Inspiration

On a daily basis, countless individuals worldwide visit healthcare facilities, where an extensive repository of patient data is accumulated. This data, crucial for future research and current diagnostics, can be transformed into priceless information through data regressions and correlations. Yet, this doesn't come without its own issues. When on a massive dataset, trivial problems as manual error, database error, or simply just being out of date causes discrepancies in the results. Addressing these errors is vital towards enhancement of data precisions and accuracy.

What it does

Data that is entered gets filtered through parameters in place discarding inherently wrong data, such flaws encompass improbable values and outdated information. Additionally, we standardize our data in order to find a confidence error within our dataset. This filters out extraneous solution and maintains data that provides consistent results. Data sets are now sampled by training a neural network module to develop optimal results.

How we built it

We first began by experimenting with which parts of the data were strongly associated with whether the patient would die or not. We found that variables such as "timeknown" (how long the patient knew they had a disease), sex, and age had a positive impact on the accuracy of our model.

To improve the model even further, we worked to implement various techniques to preprocess and filter nonsensical data from our training set, and to automatically compute which of the nearly 45 variables had any kind of association with a patient's death.

Challenges we ran into

We ran into a multitude of challenges, starting with identifying potential problems in the provided data which had many errors and discrepancies that threw off the training of our model. This included. As a result, we resorted to using statistics to preprocess our data and ultimately create an algorithm to effectively clean any set of data given by TDHospital.

Another major challenge we encountered was trying to find a correlation, and ultimately a regression, between each category's value and the probability of death. That way, we would know which categories were statistically significant and include them in the training of our model.

Outliers, typos, and a lack of a standard in the provided data were all things we had to consider and find a solution for when training our model to provide an accurate prediction as to whether the patient is alive or dead.

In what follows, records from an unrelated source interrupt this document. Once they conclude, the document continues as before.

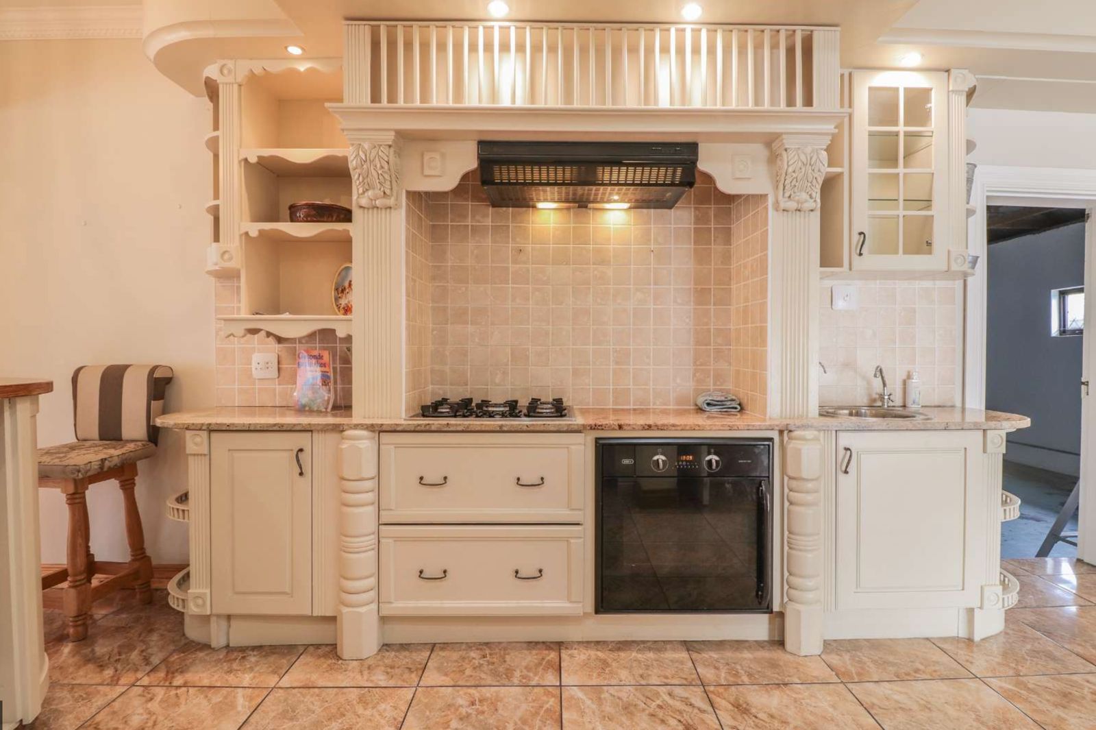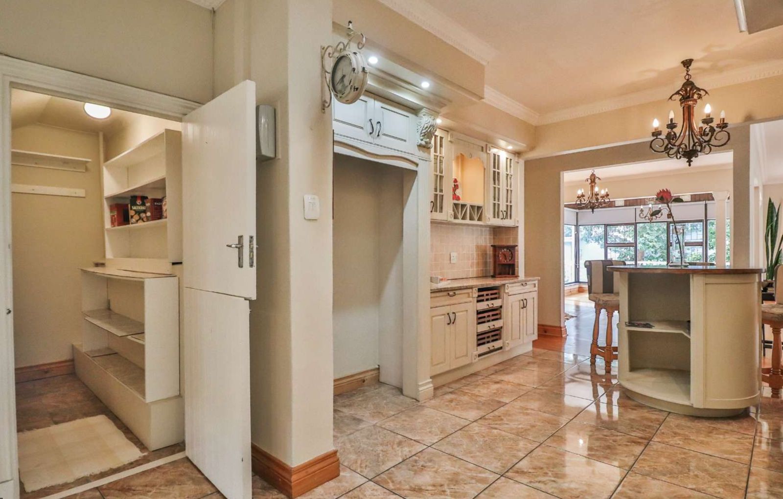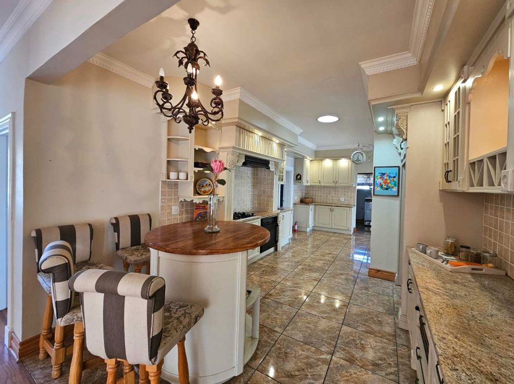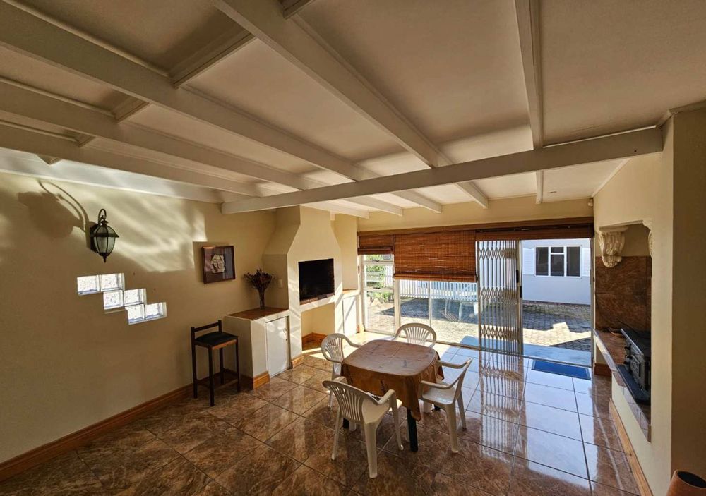 The kitchen is a culinary showpiece featuring abundant cabinetry, a separate scullery, and an expansive pantry—designed for passionate cooks and lively gatherings. The three versatile living areas include a fully enclosed braai room with a cozy coal stove, creating the perfect space for year-round enjoyment.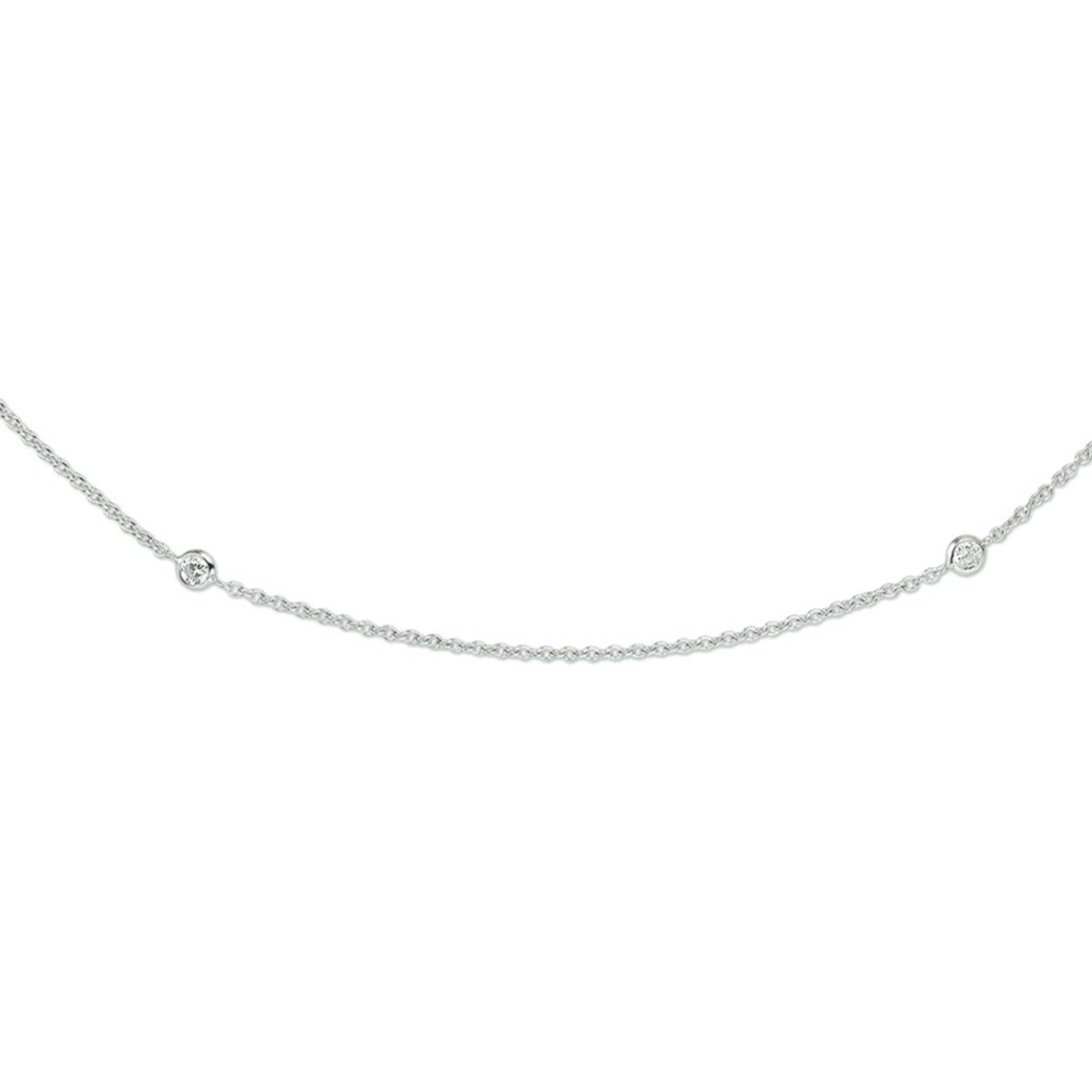 Fijn witgouden schakel collier met Zirkonia en karabijnsluiting. 42-45 cm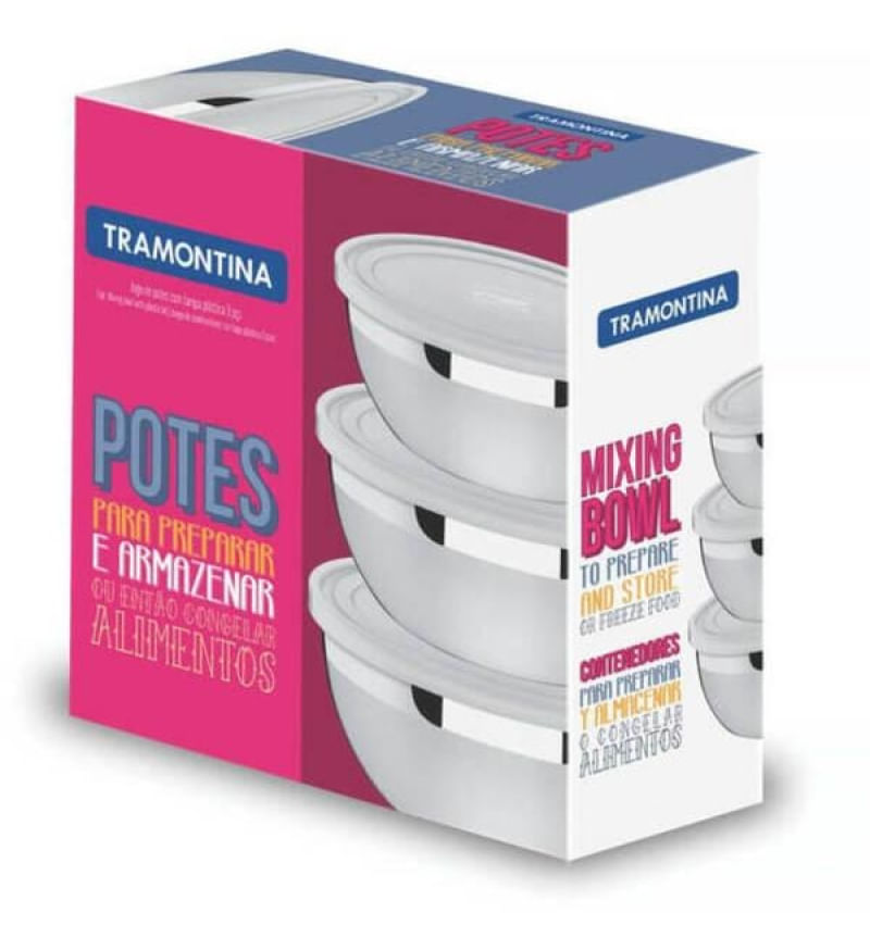 Jogo de Potes Tramontina Freezinox Aço Inox com Tampa 3 Peças REF: 7891116080689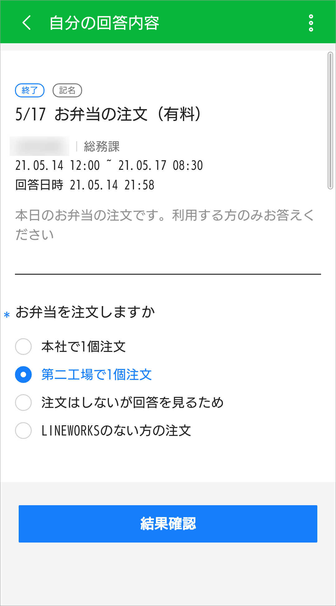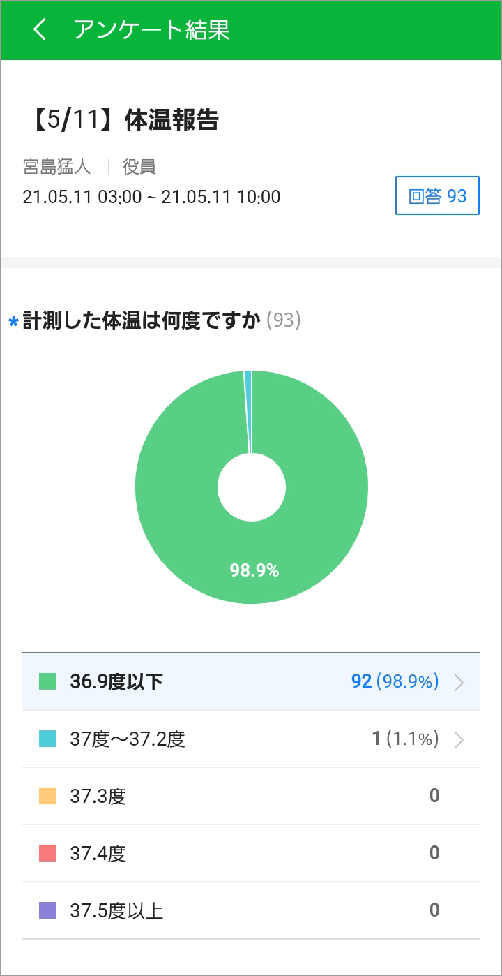 全社員に向けた会社発信の情報は、ホームに掲載して周知しています。また、総務部ではランチの仕出し弁当の注文希望者を、アンケート機能で募っています。さらに、コロナ禍になってからは全社員に毎朝の体温を報告してもらっていますが、その集計もアンケート機能で行い、総務部の業務負担を軽減しています。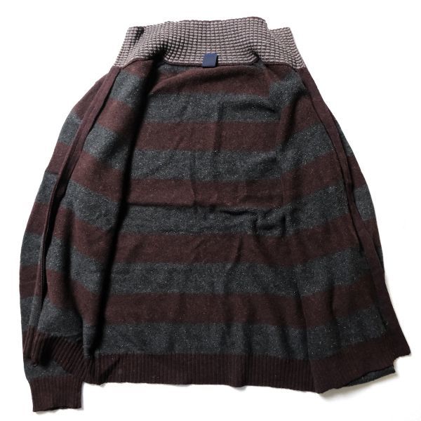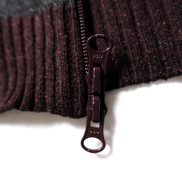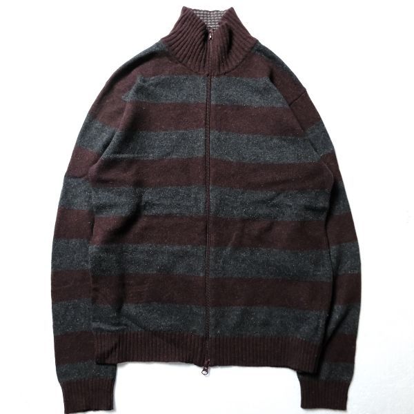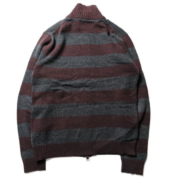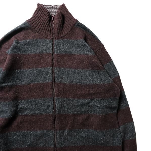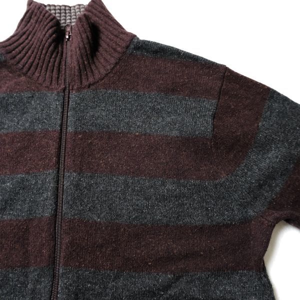 00's ギャップ GAP 太ボーダー コットン ジップアップ カーディガン (M) エンジ×灰系 ネップ入 シルク ウール混 旧タグ オールド 2004年製
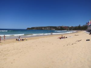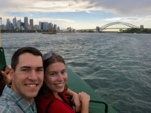 Our last day in Sydney was relaxing and exactly what we needed. We tried Vegemite for breakfast and definitely do not need to try that again. It was another beautiful day so we took the ferry to Manly Beach. The city views from the ferry were spectacular! We were able to view the Opera House, Harbour Bridge, and city skyline all in one shot. The ferry ride was about 30 minutes long, but only cost $15 AUD per person. Before hitting the sand we munched on the most delicious fish and chips and lathered up with sunscreen. The 80 degree air and sunshine felt amazing and it was great to relax on beach and doze off a little. Kyle talked me into swimming, and despite the chilly water, it was a blast. The waves were huge and it was fun watching the dozens of surfers hang ten. There was also a beach volleyball world tour tournament taking place. We stopped and cheered on the USA women’s team for awhile before catching the return ferry. The sun set over the city while we ate dinner on the Circular Quay boardwalk. We tried some of the local specialties: Sydney Rock oysters, lamb, and barramundi fish – YUM! Following dinner, we strolled the botanical gardens to view the Opera House lit up at night. It was magical. At last we could say we’d seen the sights of Sydney, so we took a ferry back to our AirBnB and packed up for our early morning flight.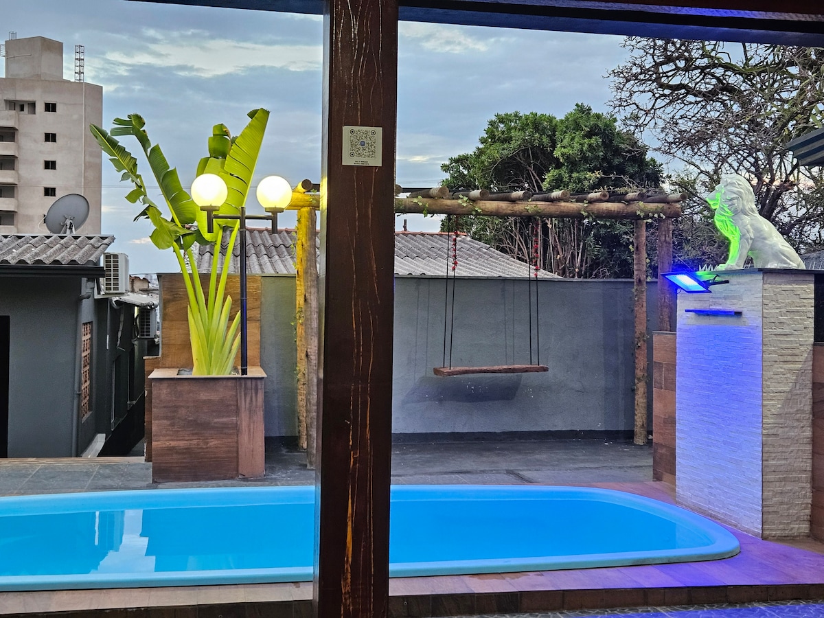 Um refúgio praiano dentro de Uberlândia! Lugar único na cidade, com uma experiência incrível de estar em contato com a natureza dentro da cidade. Local super espaçoso, com decoração rústica. O banheiro da suíte te conecta como se estivesse numa cachoeira, o quintal faz uma releitura de uma praia do litoral de São Paulo. Venha viver essa experiência!
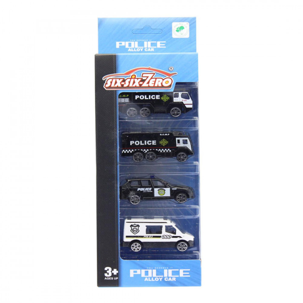 Megérkezett az erősítés, a rendőrségi járművek mind felsorakoztak a banknál, ahol nemrég bankrablás történt. Gyorsan kell cselekedni. Négy autó is a helyszínen van, köztük a rendőrparancsnok kocsija, a kisbusz, a csapatszállító, ami az erősítést hozta, és itt van szükség esetére a létrás vízágyus autó is. Már csak a bankrablókat kell kicsalogatni, és a túszokat kiszabadítani. A játék csomagolási mérete 10x25x4,5 cm. Az autók hossza kb.7 cm. A játék tömege 182 g.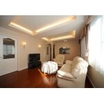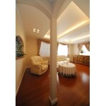 外すことができない梁や柱を、あらかじめ想定した上で完成イメージをご提案しました。上飾り付きのカーテンや、それにふさわしい大きさの窓、間接照明を設置した折り上げ天井なども含めて、エレガントな空間を演出しました。構造上外せない柱は、曲線の装飾を施すことによって、空間に調和させることができました。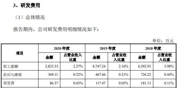 不仅如此,以公司2020年末513人研发设计人员计算,同年研发费用中包含的职工薪酬金额仅为3823.33万元,折合人均仅在7万元左右、人均每月人力成本仅略超过五千元。
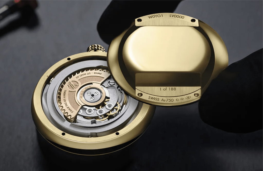 Além do seu design atualizado, o Monterey é equipado com o Calibre automático LFTMA01.02, produzido na La Fabrique du Temps, sua platina principal com granulação circular, pontes jateadas e bordas microjateadas evidenciam atenção aos detalhes. Um rotor de corda em ouro rosa 18 quilates oferece 45 horas de reserva de marca e uma frequência de batimento de 28.800 vibrações por hora, finalizado com uma pulseira em couro de bezerro preto com fivela em ouro amarelo 18 quilates.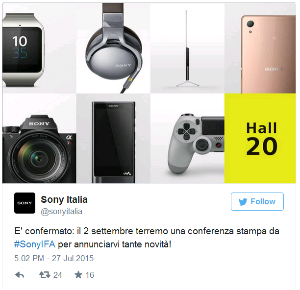 Sony wird dabei nicht nur Teilnehmer der Messe sein sondern einige Tage zuvor, am 2. September, sogar sein eigenes „Media-Event“ veranstalten. Selbstverständlich ist von der offiziellen Ankündigung der neuen Sony Flagschiff-Smartphones auszugehen und auch die Vorstellung von weiteren neuen Produkten ist wahrscheinlich.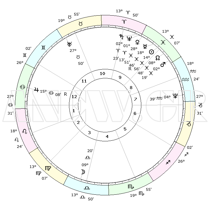 | | ΘΕΣΕΙΣ ΠΛΑΝΗΤΩΝ ΑΣΤΡΟΛΟΓΙΚΟΥ ΧΑΡΤΗ ΤΗΣ ΣΤΙΓΜΗΣ ΑΥΤΗΣ | | | | Πλανήτης | Ζώδιο | Μοίρες | Δεκαήμ. | Σε οίκο | Απόκλιση | | Ακμές των οίκων | | Ηλιος | Ιχθείς | 14°53' | Δεύτερο | 9 | 05 S 57 | | 1ος | 07°45' | Καρκίνος | | Σελήνη | Ζυγός | 08°30' | Πρώτο | 4 | 05 S 46 | | 2ος | 28°13' | Καρκίνος | | Ερμής | Ιχθείς | 18°50'R | Δεύτερο | 10 | 01 S 01 | | 3ος | 20°37' | Λέων | | Αφροδίτη | Ιχθείς | 28°46' | Τρίτο | 10 | 01 S 40 | | 4ος | 18°13' | Παρθένος | | Αρης | Ιχθείς | 02°16' | Πρώτο | 9 | 11 S 41 | | 5ος | 23°14' | Ζυγός | | Δίας | Καρκίνος | 15°08'R | Δεύτερο | 1 | 22 N 55 | | 6ος | 02°28' | Τοξότης | | Κρόνος | Κριός | 02°22' | Πρώτο | 10 | 01 S 01 | | 7ος | 07°45' | Αιγόκερως | | Ουρανός | Ταύρος | 27°50' | Τρίτο | 11 | 19 N 30 | | 8ος | 28°13' | Αιγόκερως | | Ποσειδώνας | Κριός | 01°13' | Πρώτο | 10 | 00 S 43 | | 9ος | 20°37' | Υδροχόος | | Πλούτωνας | Υδροχόος | 04°39' | Πρώτο | 8 | 22 S 51 | | 10ος | 18°13' | Ιχθείς | | Β. Δεσμός | Ιχθείς | 08°49' | Πρώτο | 9 | 08 S 16 | | 11ος | 23°14' | Κριός | | Ωροσκόπος | Καρκίνος | 07°45' | Πρώτο | | | 12ος | 02°28' | Δίδυμοι | | Μεσουράνημα | Ιχθείς | 18°13' | Δεύτερο | | | |

Accomplishments that we're proud of

Due to the size of the dataset and vast amount of categories, small errors provide a massive impact in overall data trends. While facing such issues, we were able to compare multiple forms of regressions and comparisons to develop the most consistent categories. While this was our first Datathon, it was vital to be able to understand the logic behind data comparison and machine learning. We were able to build upon our knowledge and utilizing in situations applicable within the industry.

What's next for A

We hope that this is just a start to our never-ending pursuit towards knowledge. As technology advances, data will only become more vast, hence requiring stronger processes due to an overabundance of possible error. Using stronger algorithms for data will not only save resources, but formulate more valuable knowledge. Through the exploration of various data analysis techniques we were able to expand our curiosity towards data science. While the world progresses, we hope to help develop vital knowledges to create a more intelligent future.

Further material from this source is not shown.